*** Opening of Data excerpt ***

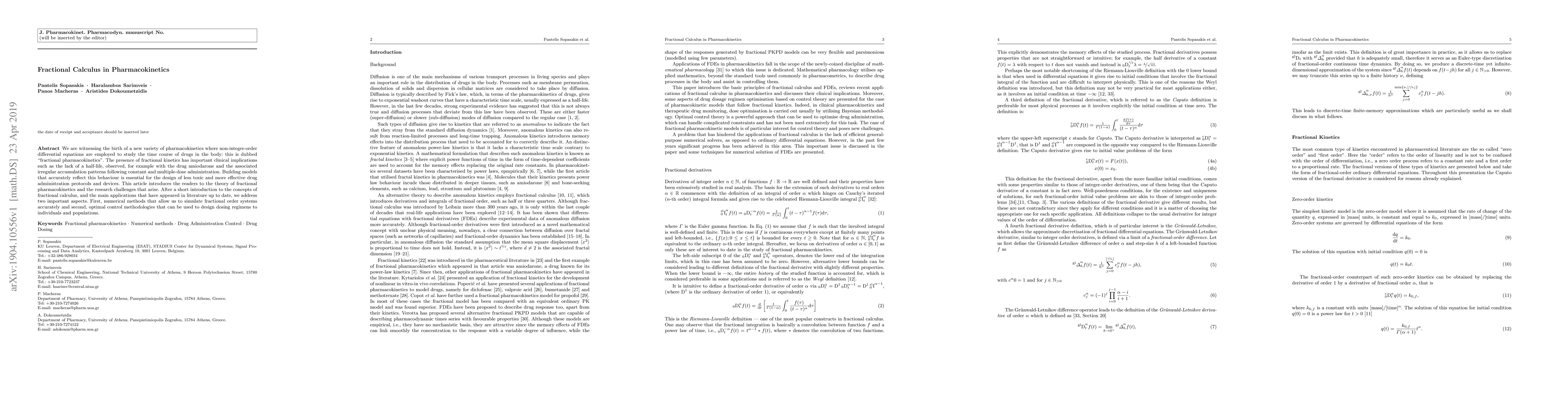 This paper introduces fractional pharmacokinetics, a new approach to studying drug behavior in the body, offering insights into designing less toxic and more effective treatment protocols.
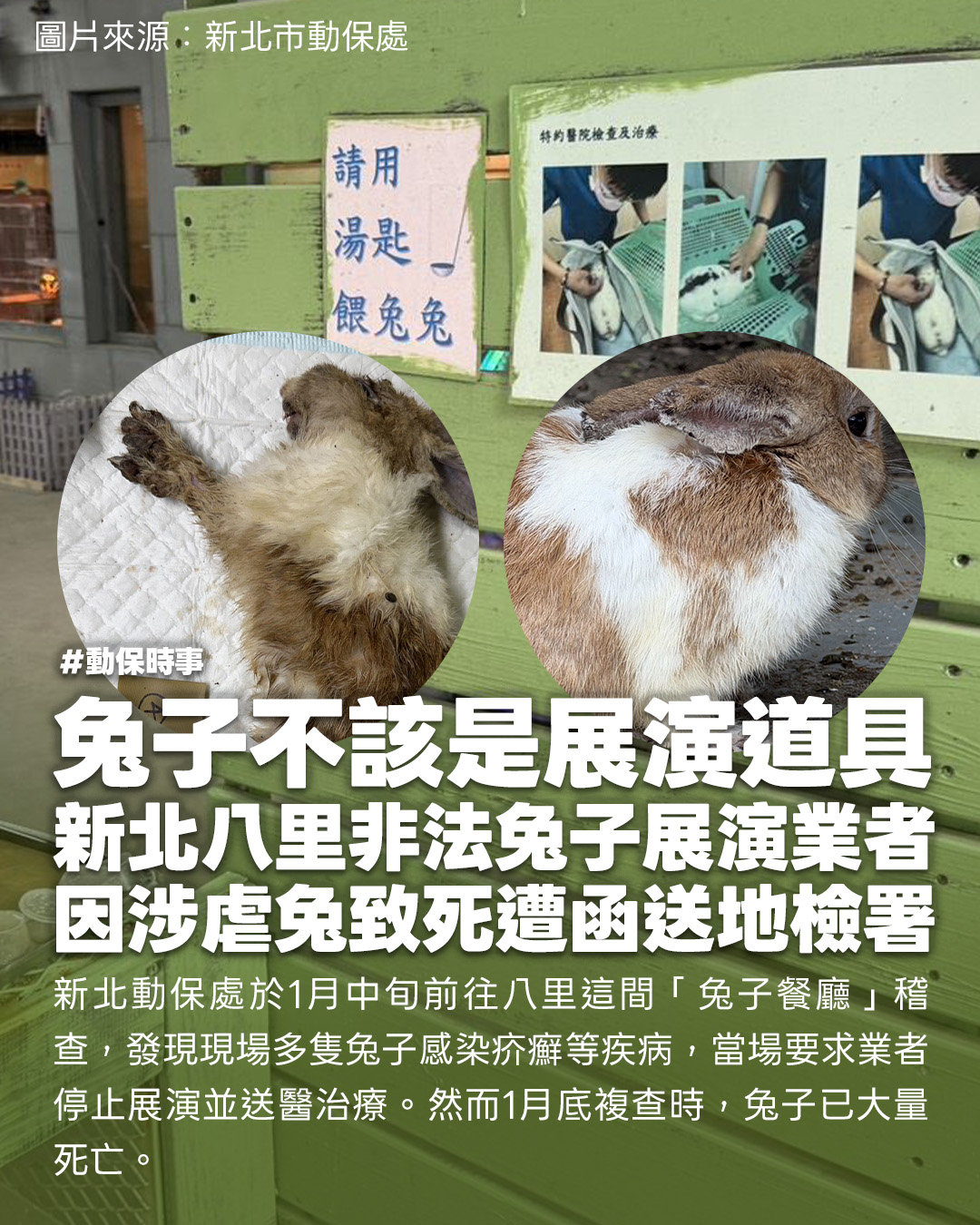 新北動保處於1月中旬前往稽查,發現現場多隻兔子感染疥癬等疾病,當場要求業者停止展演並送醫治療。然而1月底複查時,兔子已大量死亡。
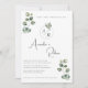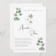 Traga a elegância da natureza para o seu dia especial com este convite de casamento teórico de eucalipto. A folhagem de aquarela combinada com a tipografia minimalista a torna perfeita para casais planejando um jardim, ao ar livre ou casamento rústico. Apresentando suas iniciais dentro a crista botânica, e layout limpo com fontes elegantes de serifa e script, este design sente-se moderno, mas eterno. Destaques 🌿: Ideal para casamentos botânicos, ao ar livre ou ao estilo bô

*** Close of Data excerpt ***

Repeat each line of the material, unaltered, from the first through the line with "新北動保處於1月中旬前往稽查", and include no pictures.

(Response to this task):
 This paper introduces fractional pharmacokinetics, a new approach to studying drug behavior in the body, offering insights into designing less toxic and more effective treatment protocols.
 新北動保處於1月中旬前往稽查,發現現場多隻兔子感染疥癬等疾病,當場要求業者停止展演並送醫治療。然而1月底複查時,兔子已大量死亡。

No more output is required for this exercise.